I'm going to go out on a limb and predict that this deal might remembered as
one of the dumbest on BofA's long list of dumb deals. The company is so big
by now that the effect won't likely show up in BofA's earnings per share
(especially compared to the effect of ballooning loan losses at BofA). But it is
one more sign of just how poorly Ken Lewis deploys capital. Then again, Lewis
learned from the master
dilutor, himself. . . .
12:00:00 AM
IT'S FRIDAY, TIME TO LOOK ON BRIGHT SIDE!: Bullish nugget 1: The
Bank of England says
British banks may have overstated their subprime losses, since the
banks have had to mark their assets to a market that's highly illiquid. "It's
quite conceivable that in a year's time these prices will have risen, in
which case banks will be marking to market and showing significant profits
again." says Mervyn King. . . .Bullish nugget 2: Banks' inventory of
unsold leveraged loans, which came to $250 billion at one point last year and
were $157 billion in March,
are down to just $91 billion, reports CreditSights. At this rate, soon banks
will be supplying capital again rather than raising it. . . .
11:32:56 AM
TALES FROM THE BUBBLE: No matter how lax you think things got during
the subprime lending boom, it turns out they were even laxer.
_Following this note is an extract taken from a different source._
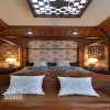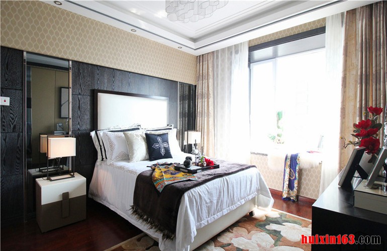 卧室石膏板吊顶,木质雕花线框装饰,造型简约的圆形吸顶灯安装在卧室吊顶中央,明亮的灯带及小射灯四周装饰。木质简约电视柜搭配,营造出了温馨古朴、文雅清丽的古典风格家居。明清时期家居理念的精华,当然,并不是对那个遥远朝代的家装行照般的意思,而是加入现代的生活理念和空间布局。

Distressed-loan buyer Gus Altazurra, among others, has been
sifting through the rubble:
Altazurra, who has paid as little as 31
cents on the dollar for some loans, said the terms of some mortgages made at the
peak of the boom were hard to believe. One loan he bought from a Texas bank was
to a borrower with a very low credit score -- 484 -- who refinanced and cashed
out 100% of the equity in the property, he said.
Wow.
I didn't know FICO scores even went that low. . .
11:04:22 AM
Here's a
worthwhile profile of Jamie Dimon from Bloomberg Markets. That little piece
of paper he carries around in his shirt pocket is becoming downright
legendary. . .
11:04:22 AM
DUD SCUD: I'd love to read a long, juicy
insider's account of the rise and fall of Zoe Cruz at Morgan Stanley. Joe
Hagan's
7,000-word piece in the new New York isn't it. The poor woman comes
off as two stick figures at once: the Wall Street shrew who eats men for
breakfast, and the helpless victim canned because she's a woman. I somehow think
the actual Cruz is more complex than that, and the details of her
career more nuanced. P.S.: If you like blind quotes, this article's for
you. By my count, Hagan got exactly one (1) person, Stanley Druckenmiller, to
speak on the record. Dogged journalism!
12:45:03 PM
Odd fact: in
Boston so far this year just 41% of selling homeowners have cut their
asking prices, compared to 55% of sellers who cut asking prices in 2007,
according to the local multiple listing service. A sign the market is finally
stabilizing? Nope. Home sales in Boston fell by 32% in March from a year
ago. Given the market is still sluggish and the housing slowdown has become an
accepted fact, you'd think sellers wouldn't be any less reluctant to
reduce their prices now than they were a year ago, right? Possible explanations
for conundrum: a) The year is still young! Wait until we get to
midsummer, when families need to go ahead and relocate in time for the start of
school. Then you'll see them start slashing. b) A greater
percentage of homes for sale this year is foreclosures being sold by banks, who
aren't so nimble (they're banks!) on the pricing side and may still be in
a dream world as to what houses are really worth. I vote for b. . . .
3:13:32 PM
STILL NONSENSICAL: Back in February, you may recall, Fannie Mae and
Freddie Mac
decided (after much browbeating from New York A.G. Andrew Cuomo) to
stop buying mortgages from lenders who use in-house appraisers, in order to
avoid owning loans backed by properties with inflated values. The idea was that
third-party appraisers are somehow more objective. As we
noted at the time, the move made zero sense, since the arms of third-party
appraisers presumably twist as easily as in-house appraisers' do. But don't take
our word for it. Now the Comptroller of the Currency
says it's a dumb idea, too.
12:41:05 PM
Carlyle Group's David Rubenstein: "The most
attractive thing right now is
buying back my own debt."
10:59:49 AM
WE'RE
FROM THE GOVERNMENT--AND WE'RE HERE TO HELP: Regarding
Tom's take on
the OCC's planned regulatory approach as the credit cycle deepens, a banker
in the Southeast (who prefers to remain nameless) chimes in:
As the often repeated saying goes…"The regulators’ role is to go onto the
battlefield after the war is over to bayonet the wounded."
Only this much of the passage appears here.